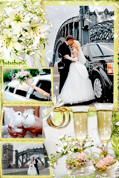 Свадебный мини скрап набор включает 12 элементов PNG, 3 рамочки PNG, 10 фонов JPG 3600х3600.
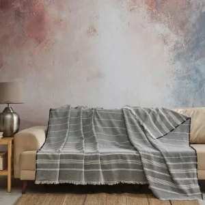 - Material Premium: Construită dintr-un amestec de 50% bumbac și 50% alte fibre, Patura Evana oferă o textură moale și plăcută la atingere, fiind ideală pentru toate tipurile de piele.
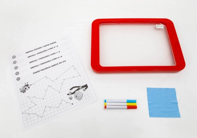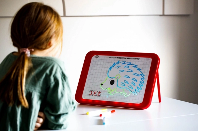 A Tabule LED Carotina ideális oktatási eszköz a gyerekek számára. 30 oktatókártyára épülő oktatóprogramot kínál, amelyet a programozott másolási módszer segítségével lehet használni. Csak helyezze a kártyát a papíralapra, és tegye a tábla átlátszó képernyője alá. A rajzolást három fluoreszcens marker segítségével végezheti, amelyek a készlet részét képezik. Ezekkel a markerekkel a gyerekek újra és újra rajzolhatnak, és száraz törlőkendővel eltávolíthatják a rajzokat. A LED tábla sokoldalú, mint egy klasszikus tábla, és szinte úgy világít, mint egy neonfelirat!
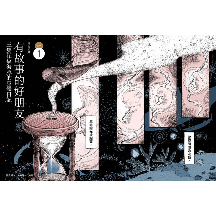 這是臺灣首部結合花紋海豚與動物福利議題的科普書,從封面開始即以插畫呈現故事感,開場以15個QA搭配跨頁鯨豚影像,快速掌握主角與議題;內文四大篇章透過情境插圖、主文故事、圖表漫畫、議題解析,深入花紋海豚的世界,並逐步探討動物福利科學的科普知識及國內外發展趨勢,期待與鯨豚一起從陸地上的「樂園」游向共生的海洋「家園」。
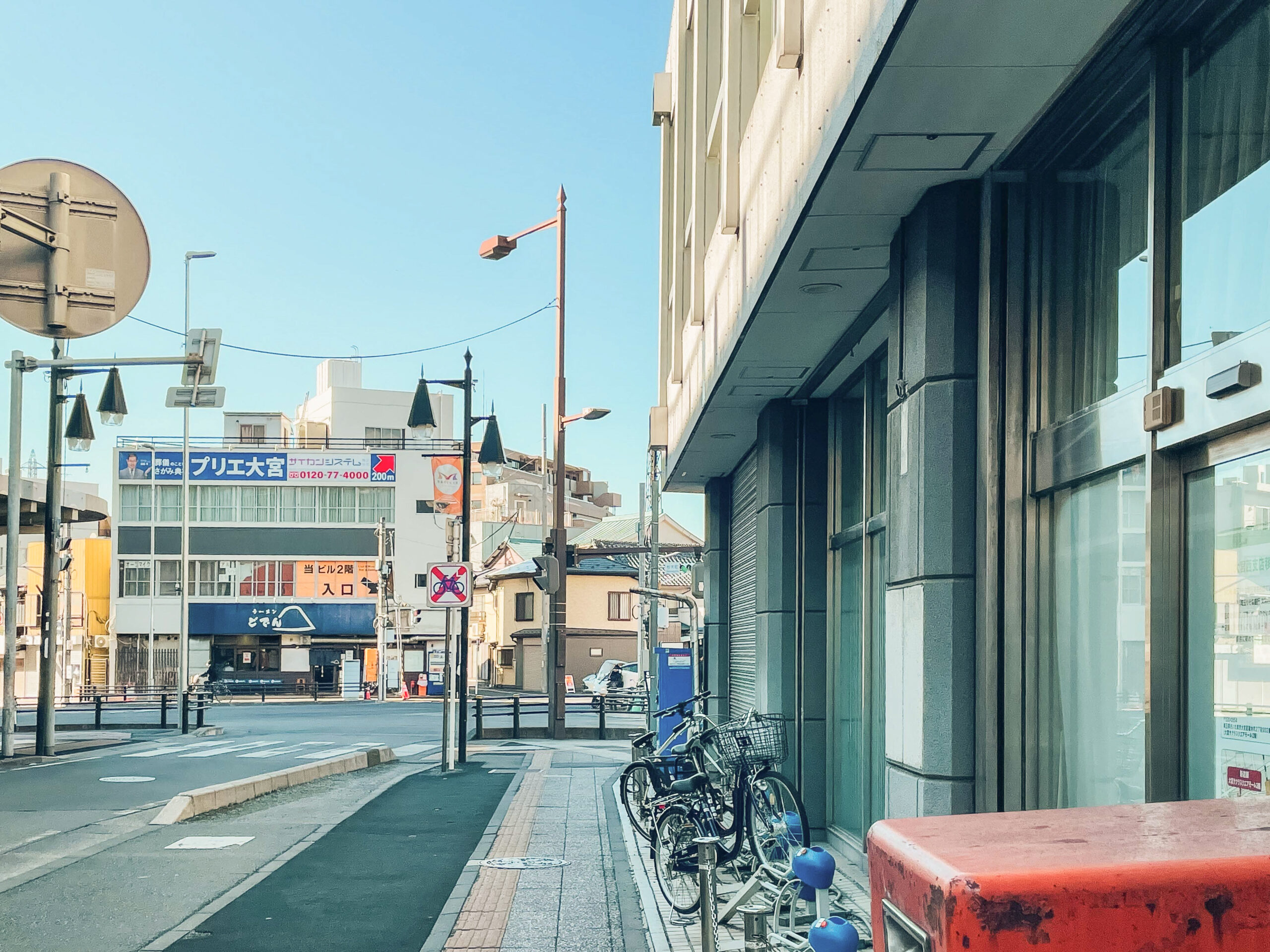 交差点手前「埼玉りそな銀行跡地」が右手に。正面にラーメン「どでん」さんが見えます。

Problem details | Print, please, exactly the lines from the one holding "A Tabule LED" through the final line of the data, both included, while leaving out each picture.

Response to this task |
 A Tabule LED Carotina ideális oktatási eszköz a gyerekek számára. 30 oktatókártyára épülő oktatóprogramot kínál, amelyet a programozott másolási módszer segítségével lehet használni. Csak helyezze a kártyát a papíralapra, és tegye a tábla átlátszó képernyője alá. A rajzolást három fluoreszcens marker segítségével végezheti, amelyek a készlet részét képezik. Ezekkel a markerekkel a gyerekek újra és újra rajzolhatnak, és száraz törlőkendővel eltávolíthatják a rajzokat. A LED tábla sokoldalú, mint egy klasszikus tábla, és szinte úgy világít, mint egy neonfelirat!
 這是臺灣首部結合花紋海豚與動物福利議題的科普書,從封面開始即以插畫呈現故事感,開場以15個QA搭配跨頁鯨豚影像,快速掌握主角與議題;內文四大篇章透過情境插圖、主文故事、圖表漫畫、議題解析,深入花紋海豚的世界,並逐步探討動物福利科學的科普知識及國內外發展趨勢,期待與鯨豚一起從陸地上的「樂園」游向共生的海洋「家園」。
 交差点手前「埼玉りそな銀行跡地」が右手に。正面にラーメン「どでん」さんが見えます。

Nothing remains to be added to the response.